With that he disappeared again.
This is a Scientology advert that played during the Grammys, entitled “How We Help”
I do my best with the textbook, spending a few minutes wading through its jargon. I don’t get very far before I leave it on one of the couches and move on to another display called “The Ways to Happiness”. There’s a noise behind me, and I turn around. The textbook is no longer on the couch, in fact it’s nowhere to be seen. Prominently shrink-wrapped, being unapologetically hawked are the rest of L. Ron’s books, in particular Scientology’s founding text, Dianetics. In the eerie silence they wait, hope, yearn to be bought, for all that shrink wrap to be torn away and Hubbard’s intergalactic truths to be revealed. There are no windows in here.
I feel entombed.
§§§
Before I’m lead away to take the Oxford Capacity Analysis™ test, I think about how hard it must be to set up a religion. Imagine trying it. Like anybody who’s cooking up a religion, you’re perceived as a huckster, a charlatan. It must have been far easier to offer people salvation in the context of Bronze Age Palestine, like Jesus did. L. Ron set up Scientology in the full gaze and glare of the 20th century. What Scientology offers is its freshness. It is so new, so recent. And being modern, Scientology has had a thoroughly modern treatment. It has been investigated and criticised by previous church members. It has been slammed as being little more than a miserable cult. It has been mockingly torched by South Park.
I sat down and began the test.
Questions included: “Do you keep ‘close contact’ on articles of yours which you have loaned to friends?”, “Do you enjoy activities of your own choosing?”, “Does emotional music have quite an effect on you?”, and “Do you completely condemn a person because he is a rival or opponent in some aspect of your relations with him?”

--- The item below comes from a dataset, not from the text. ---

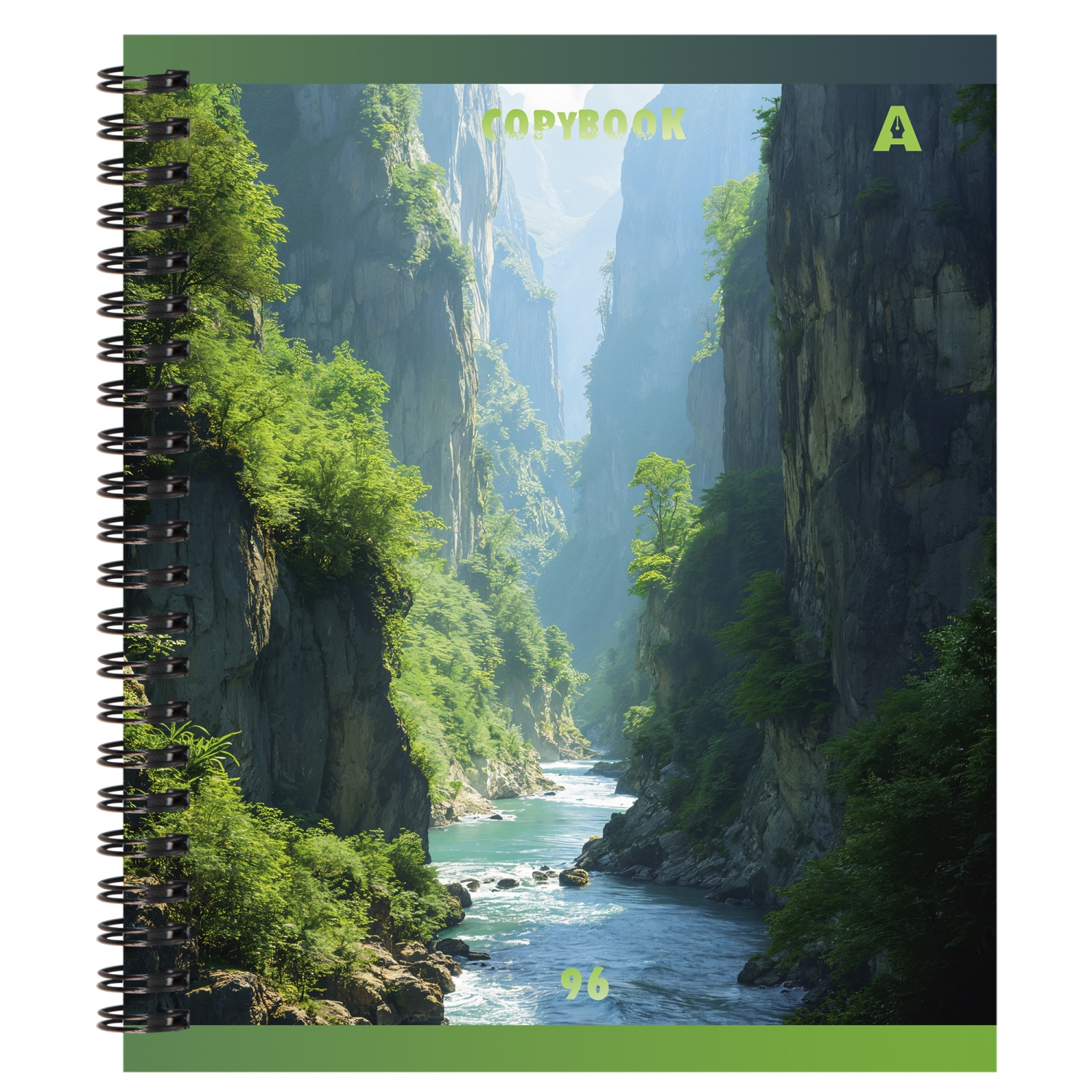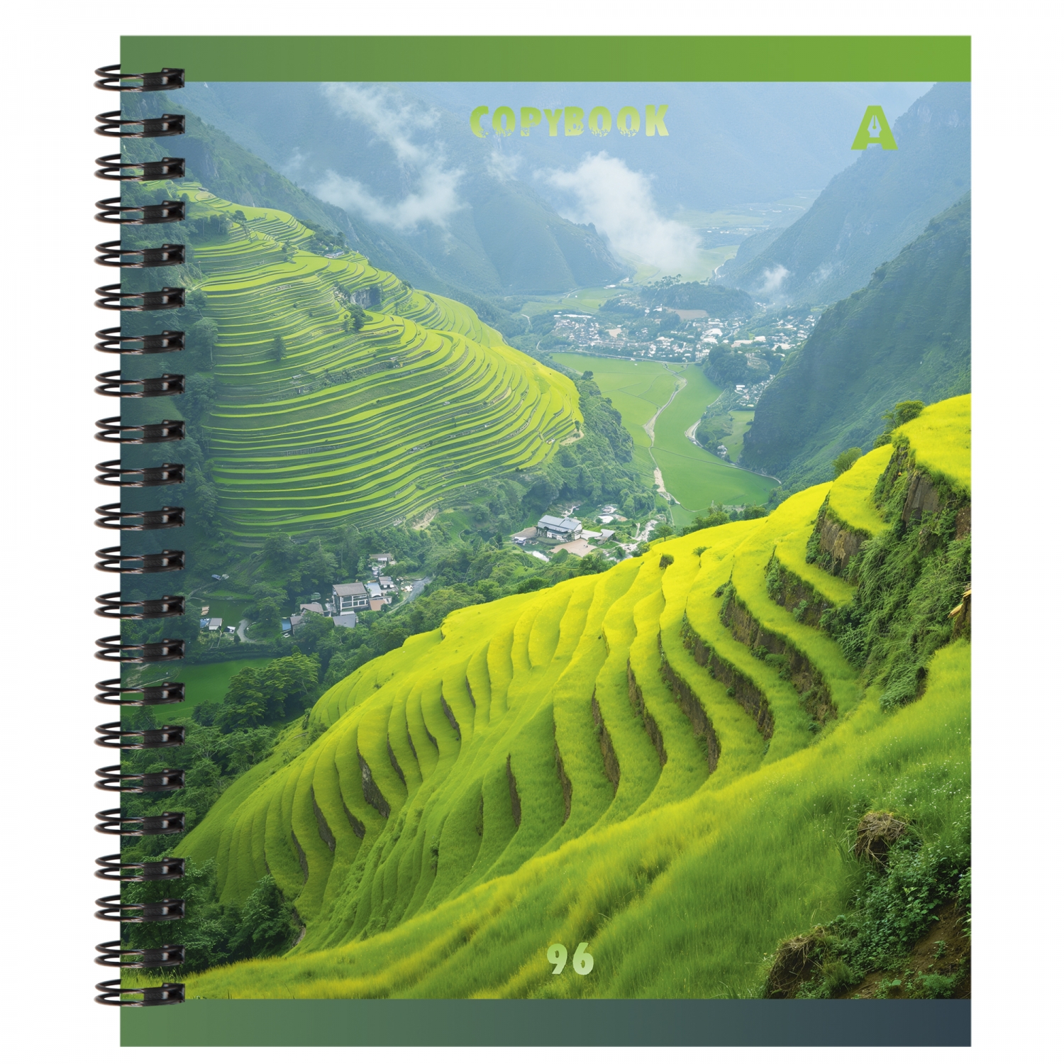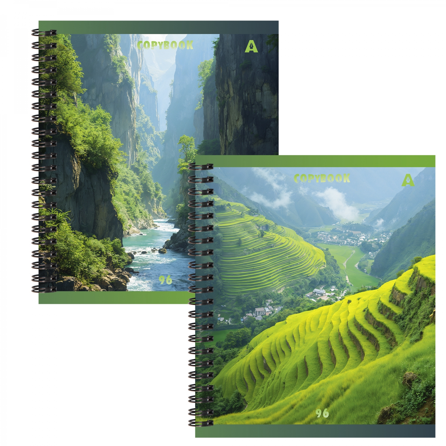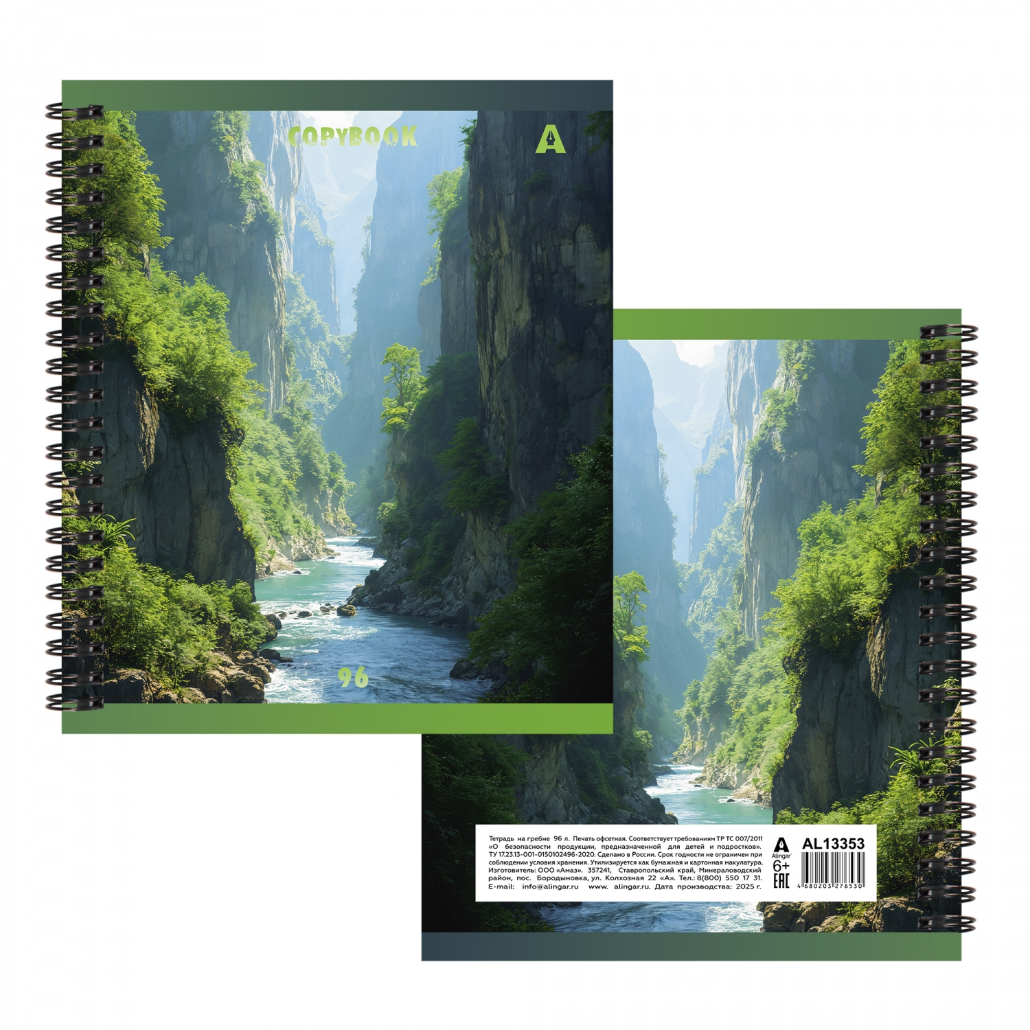 Тетрадь 96л., А5, клетка, Alingar, гребень, блок офсет, мелованный картон, "Пейзажи", 2 дизайна в пленке т/у

Later, with Anne, we discussed what it means to be happy. Anne didn’t say much: she lets me fill the silences. For someone I’d known for less than five minutes, she seemed keen to barge into the most fraught areas of my psyche. If I really were vulnerable or unhappy I could see how it would play out: she’d ask something vague about past traumas, let the question hang, wait for me to break down. I resisted and she asked me whether I’d like to buy a copy of Dianetics, both in book and DVD Blu-Ray form.
I politely declined.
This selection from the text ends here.